Audit your own signal on the decision log. This is the Engine-specific part of the recommendation. When the agent acts (or skips) on an OI rule, it writes the read into the decision log. You can scroll back to any timestamp and see the OI delta the agent used, the rule that fired, and the trade that followed. If you are using OI as a signal and cannot produce that audit trail, you have no way to know whether the signal is helping you or quietly hurting you. The point of writing the strategy as a file is not aesthetics; the file is what the audit checks against.

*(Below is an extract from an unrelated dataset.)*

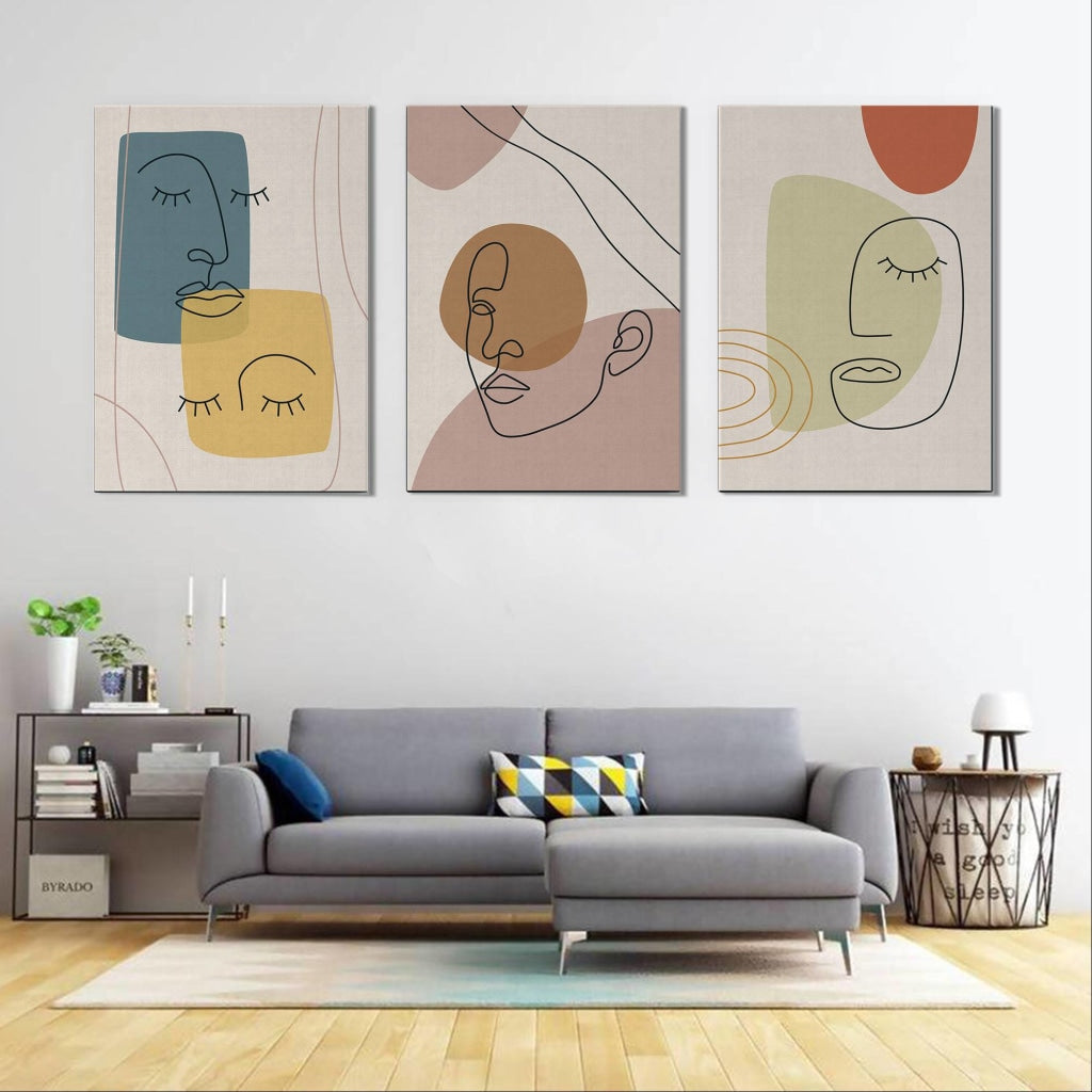 Face Line 3 Panels Art Frame for Wall Decor- FunkyDecors

A useful number, not a strategy.
OI is a confirming signal, never a leading one. Treated as a leading signal it produces the worst class of error in systematic trading: a read that feels like evidence but is actually structural noise. Treated as a confirmation — paired with funding, used as a delta over a windowed interval, and exposed in the decision log so you can grade it after the fact — it earns a place in the rule stack.
The traders who get embarrassed by OI on Hyperliquid are the ones who treat the dashboard as oracular. The traders who use it well are the ones who treat it as one of four numbers they cross-check before acting, and who write down — in a file the agent reads — exactly which combination is allowed to fire. That is the whole technique. There is no clever read of OI hidden under the obvious one. There is just the discipline of using it where it actually adds information and ignoring it where it does not.